Autodetected device type: mps
loading the model from /Users/ericsilberstein/.cache/my_nanochat/base_checkpoints/d1 with step 10
Building model with config: {'sequence_len': 256, 'vocab_size': 65536, 'n_layer': 1, 'n_head': 1, 'n_kv_head': 1, 'n_embd': 64}
downloading https://karpathy-public.s3.us-west-2.amazonaws.com/eval_bundle.zip...
downloaded to /Users/ericsilberstein/.cache/my_nanochat/eval_bundle.zip
placed eval_bundle dir at /Users/ericsilberstein/.cache/my_nanochat/eval_bundle
Evaluating: jeopardy (10-shot, type: language_modeling)... accuracy: 0.0000 | centered: 0.0000 | time: 0.64s
Model: base_model (step 10)
Task                               , Accuracy  , Centered  
jeopardy                           , 0.000000  , 0.000000  
CORE                               ,           , 0.000000  



In [74]:
eval_meta_data = pd.read_csv(f"{get_base_dir()}/eval_bundle/eval_meta_data.csv")
eval_meta_data[eval_meta_data['Eval Task'] == 'boolq']

Unnamed: 0,Eval Task,Task Category,Task Type,#shots,#datapoints,Random baseline,Centered Metric?,Description
45,boolq,reading comprehension,multiple choice,10,3270,62.0,,"BoolQ consists of 3,270 short passages on a d..."


Look on HuggingFace: https://huggingface.co/datasets/google/boolq

Ah!

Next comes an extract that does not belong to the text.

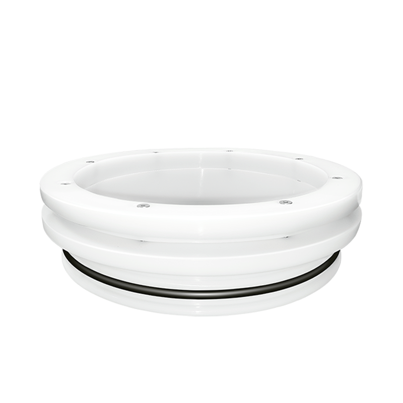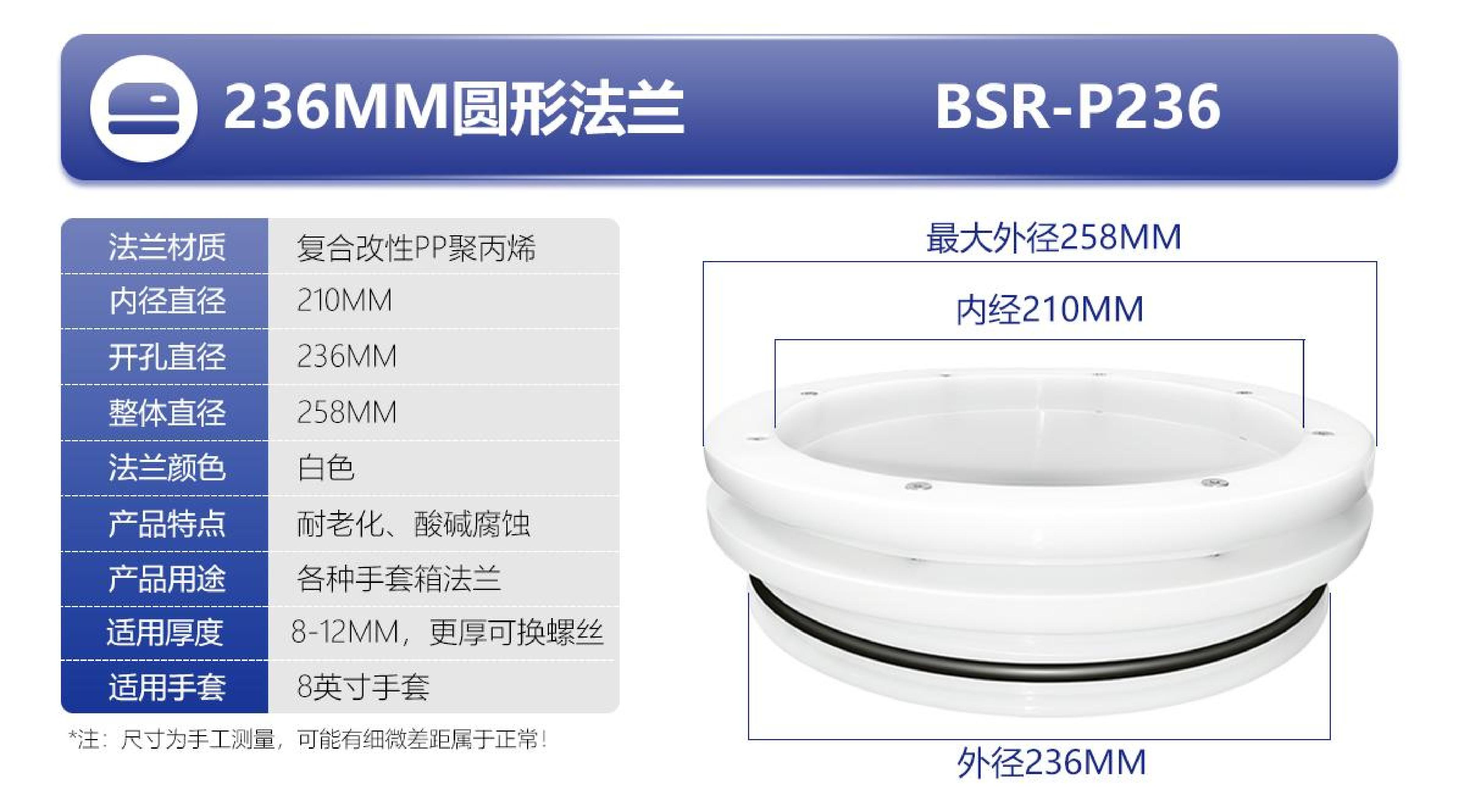 白色236MM法蘭適配于組合乳膠手套,它的材質是PP材質,適用玻璃厚度是8-12MM,適用玻璃開口是236MM,內徑是210MM,外徑是236MM。

Google AI reponse said: This compared to a 62% majority-class baseline (predicting the most frequent answer)

### #3 Compare ChatCORE mid to sft

I spent a lot of time in `challenge-32-redo-chat-eval-d20/investigate-runs.ipynb` trying to decide if sft training worked and did anything good and that was one of the motivations to add reporting. One of a few good things about adding the reporting was computing the ChatCORE metric which is the average of the centered chat core task results (ARC-Easy, Arc-Challenge, etc.)

ChatCORE declines 0.2568 to 0.2549 from mid to sft. Doesn't really add anything to what was trying to figure out in the other notebook, but does seem like in this comment in speedrun.sh:

```# train sft and re-eval right away (should see a small bump)```

he might have been talking about ChatCORE, and I didn't see a small bump.